Saved entries:
........
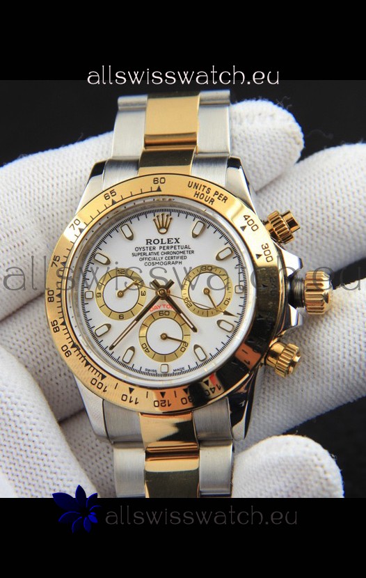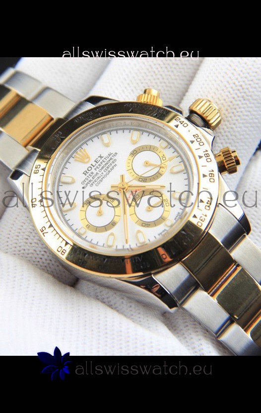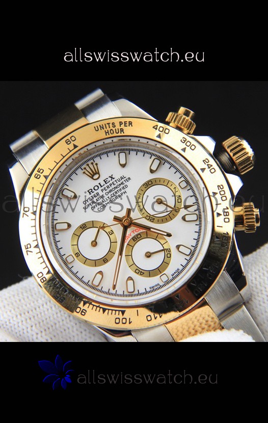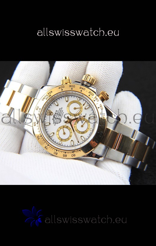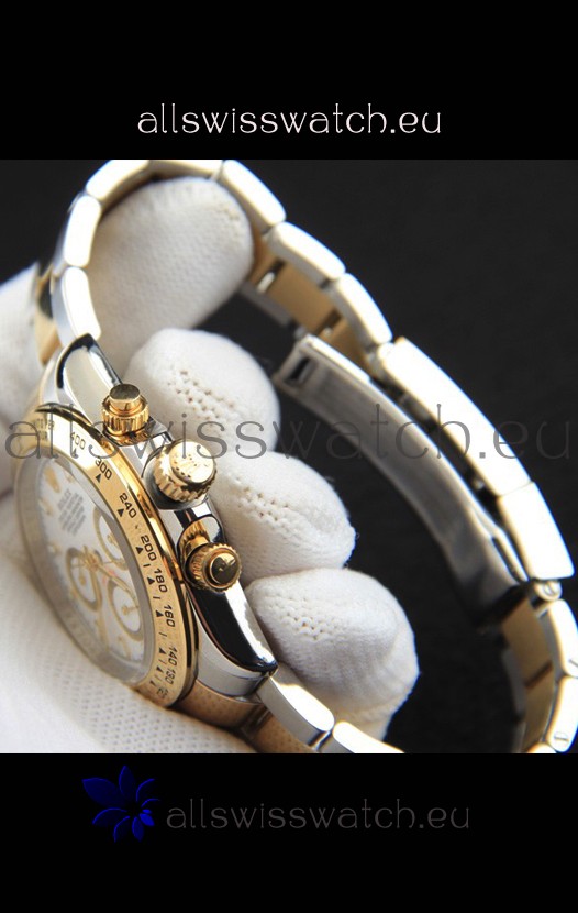 Rolex Daytona Japanese Movement Two Tone Gold Casing Watch in White Dial
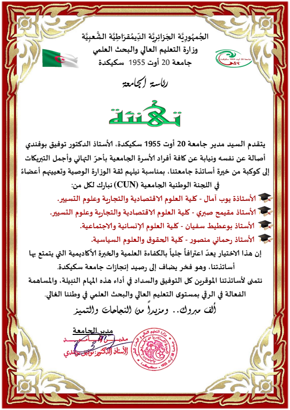 فضاء يضم كل المنشورات و المجلات العلمية لجامعة سكيكدة
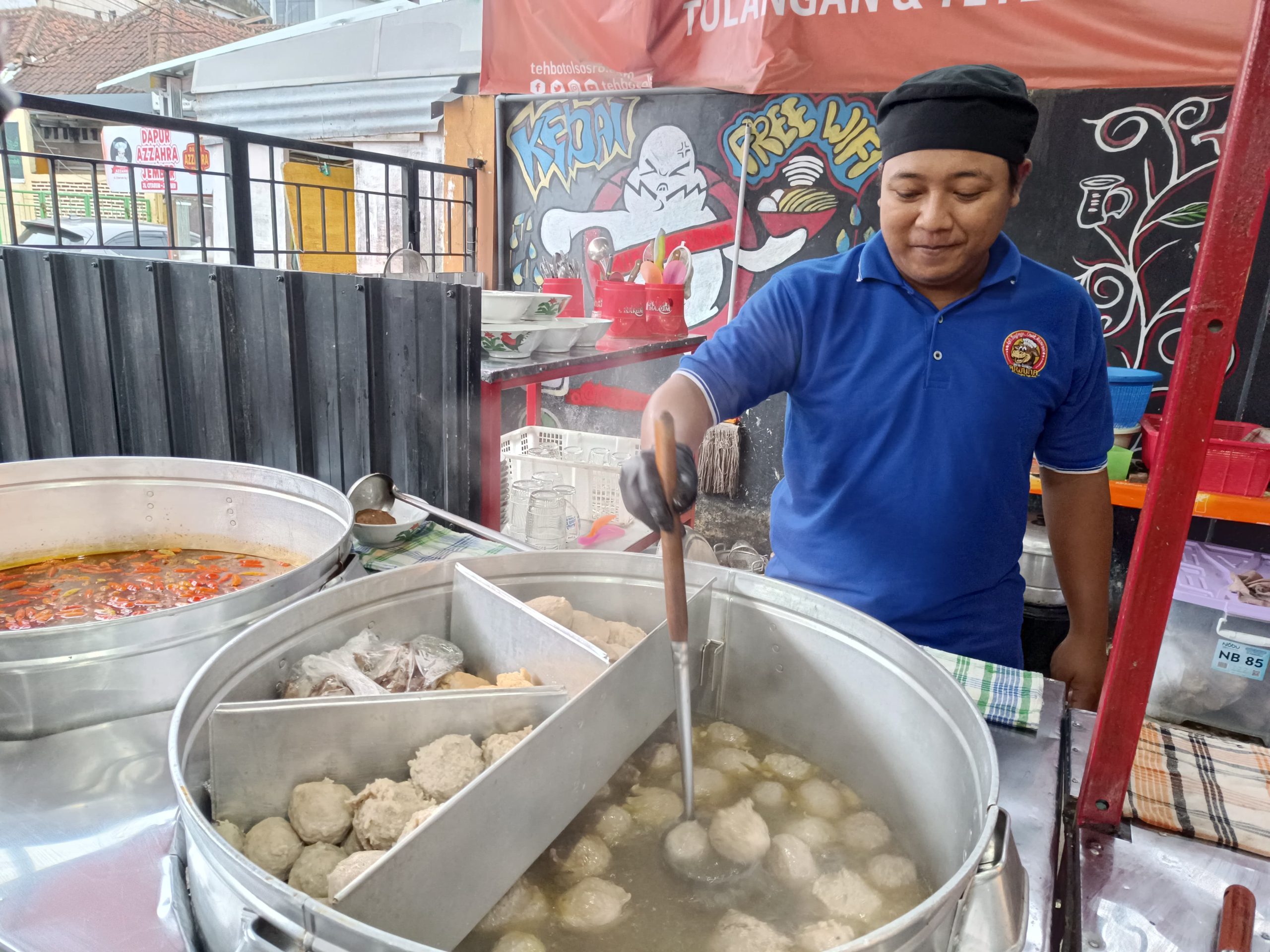 Tepat di sisi timur Alun-alun Kota Jember, warung ini menyajikan menu andalan Bakso Tulangan Iga Kuah Pedas. Uniknya, hidangan ini mengusung konsep “Pendalungan“, yakni perpaduan resep bumbu khas Jawa dan Madura yang menciptakan cita rasa manis, gurih, sekaligus pedas nendang.
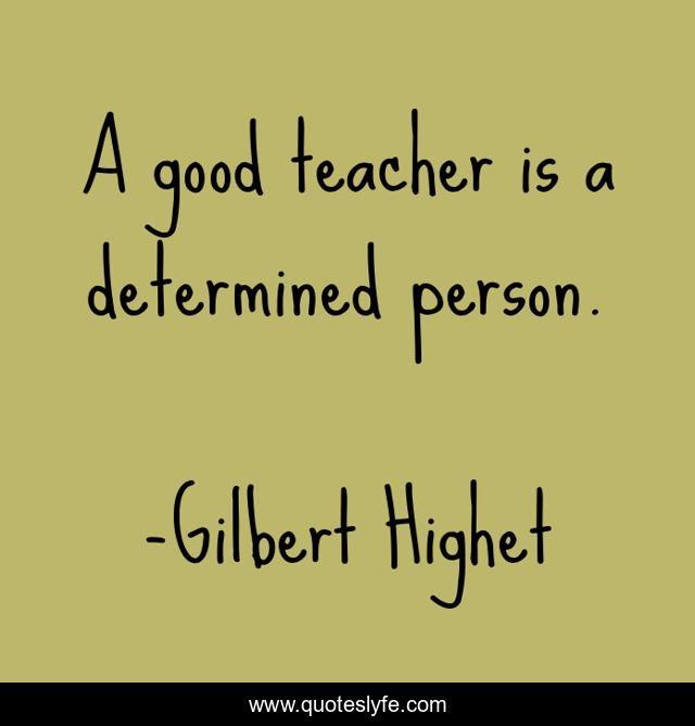 This page presents the quote "A good teacher is a determined person.". Author of this quote is Gilbert Highet. This quote is about person, good, good teacher,.
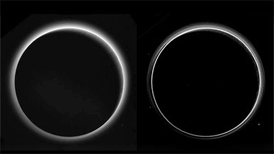 Sensation: Die Gegenlicht-Aufnahme des Pluto offenbart mehrere Dunstschichten und somit eine, wenn auch sehr dünne Atmosphäre. Bild: NASA/Johns Hopkins University Applied Physics Laboratory/Southwest Research Institute
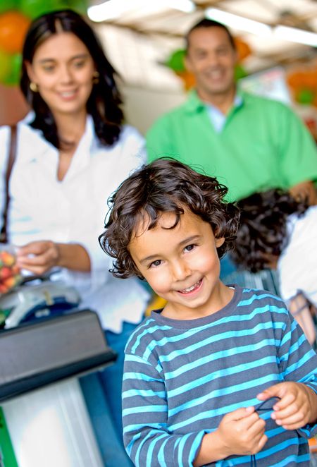 Family lifestyle portrait of a mum and dad with their two kids shopping in supermarket
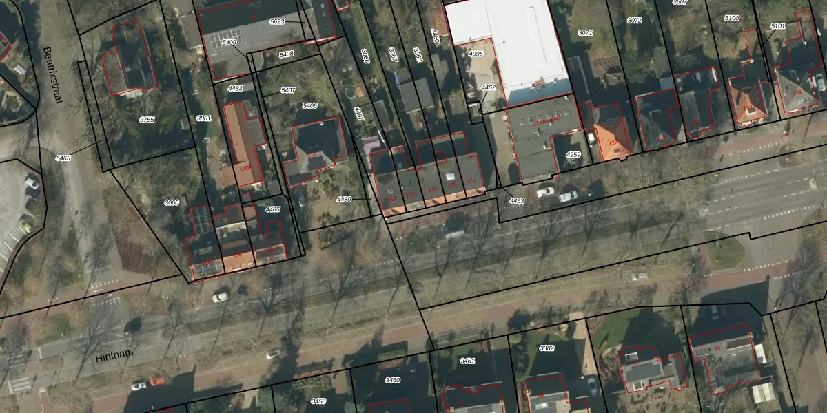 Het perceel waarop Hintham 116 staat heeft een oppervlakte van 392 m². Dit is een groot perceel. De perceeloppervlakte wordt geregistreerd door het Kadaster. Gedetailleerde informatie over de maten van dit perceel kunt u vinden in het rapport Kadastrale kaart met maatvoering van Hintham 116.
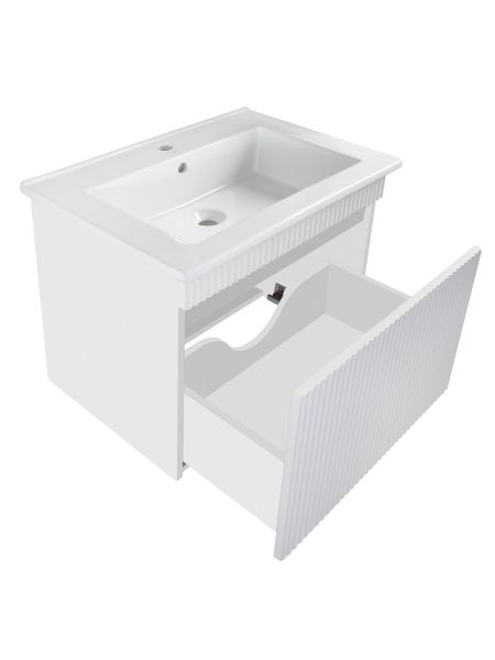 Тумба под раковину МОДЕНА (подвесная) – это изысканность и утончённая роскошь в интерьере. Волнистые рифленые фасады визуально «оживляют» и «приводят в движение» всю обстановку комнаты, сохраняя при этом умиротворение и покой, превосходно сочетаются с классическим белым цветом корпуса. Цвет фасада также классический – белый глянец, идеально впишется в любой интерьер ванной комнаты. Тумба для ванной оснащена выдвижным ящиком на шариковых направляющих, к тумбе для ванной подходит накладная керамическая раковина «Оскар» (770х470 мм). Раковина глубиной 19 см. Мебель для ванной RUNO - красота и практичность в мелочах, тумба под раковину для ванной комнаты Модена – лучший выбор для Вашей ванной комнаты!
........
Work instructions: Write the records out in full, word for word; leave every picture behind.

Answer below:
 Rolex Daytona Japanese Movement Two Tone Gold Casing Watch in White Dial
 فضاء يضم كل المنشورات و المجلات العلمية لجامعة سكيكدة
 Tepat di sisi timur Alun-alun Kota Jember, warung ini menyajikan menu andalan Bakso Tulangan Iga Kuah Pedas. Uniknya, hidangan ini mengusung konsep “Pendalungan“, yakni perpaduan resep bumbu khas Jawa dan Madura yang menciptakan cita rasa manis, gurih, sekaligus pedas nendang.
 This page presents the quote "A good teacher is a determined person.". Author of this quote is Gilbert Highet. This quote is about person, good, good teacher,.
 Sensation: Die Gegenlicht-Aufnahme des Pluto offenbart mehrere Dunstschichten und somit eine, wenn auch sehr dünne Atmosphäre. Bild: NASA/Johns Hopkins University Applied Physics Laboratory/Southwest Research Institute
 Family lifestyle portrait of a mum and dad with their two kids shopping in supermarket
 Het perceel waarop Hintham 116 staat heeft een oppervlakte van 392 m². Dit is een groot perceel. De perceeloppervlakte wordt geregistreerd door het Kadaster. Gedetailleerde informatie over de maten van dit perceel kunt u vinden in het rapport Kadastrale kaart met maatvoering van Hintham 116.
 Тумба под раковину МОДЕНА (подвесная) – это изысканность и утончённая роскошь в интерьере. Волнистые рифленые фасады визуально «оживляют» и «приводят в движение» всю обстановку комнаты, сохраняя при этом умиротворение и покой, превосходно сочетаются с классическим белым цветом корпуса. Цвет фасада также классический – белый глянец, идеально впишется в любой интерьер ванной комнаты. Тумба для ванной оснащена выдвижным ящиком на шариковых направляющих, к тумбе для ванной подходит накладная керамическая раковина «Оскар» (770х470 мм). Раковина глубиной 19 см. Мебель для ванной RUNO - красота и практичность в мелочах, тумба под раковину для ванной комнаты Модена – лучший выбор для Вашей ванной комнаты!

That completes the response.